[Source data — start]
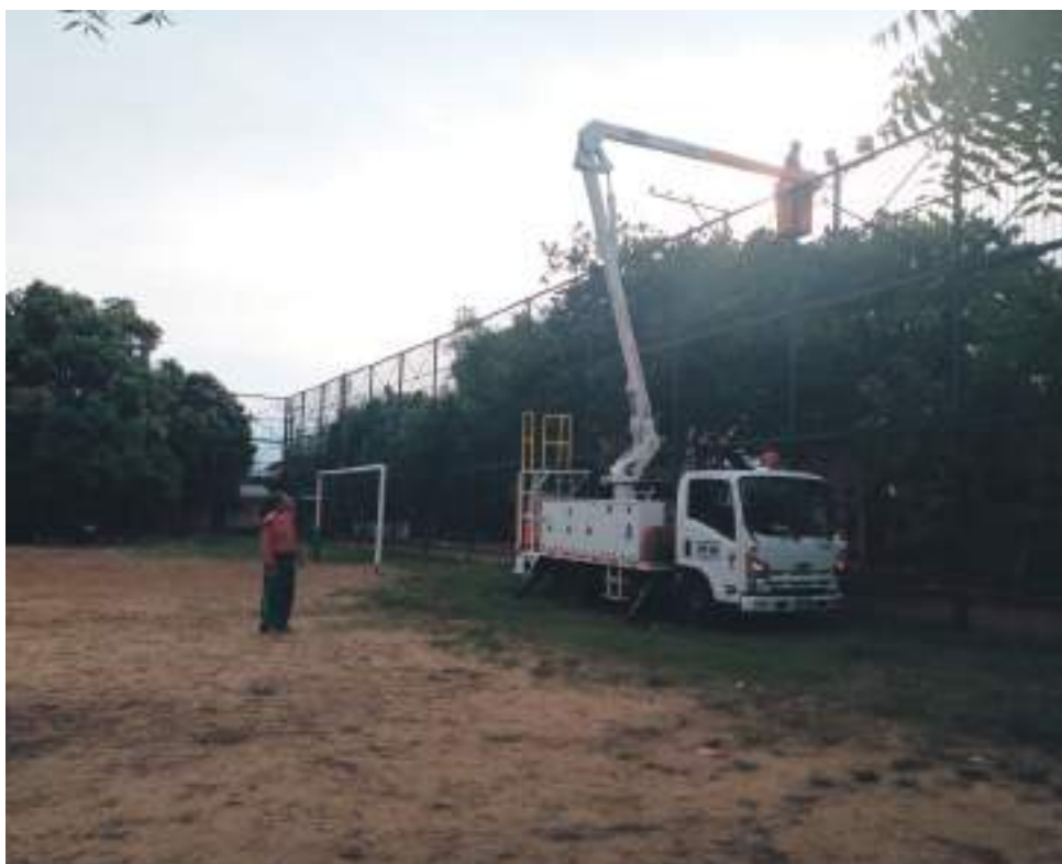
La empresa de alumbrado público entregó la iluminación artificial de la cancha del Limonar parte alta.

Se proponen realizar reunión con la empresa transportado-
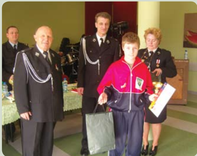
Organizatorem turnieju był Zarząd Oddziału Gminnego Związku OSP PR

W Cieplesie odbył się XXXV Ogólnopolski Turniej Wiedzy Pożarniczej na szczeblu gminnym pn. Młodzież Zapobiega Pożarom
[Source data — finish]
- [Exercise directions] Send back the listing exactly as it stands. Do not include the pictures.

- [Response below]
La empresa de alumbrado público entregó la iluminación artificial de la cancha del Limonar parte alta.

Se proponen realizar reunión con la empresa transportado-
Organizatorem turnieju był Zarząd Oddziału Gminnego Związku OSP PR

W Cieplesie odbył się XXXV Ogólnopolski Turniej Wiedzy Pożarniczej na szczeblu gminnym pn. Młodzież Zapobiega Pożarom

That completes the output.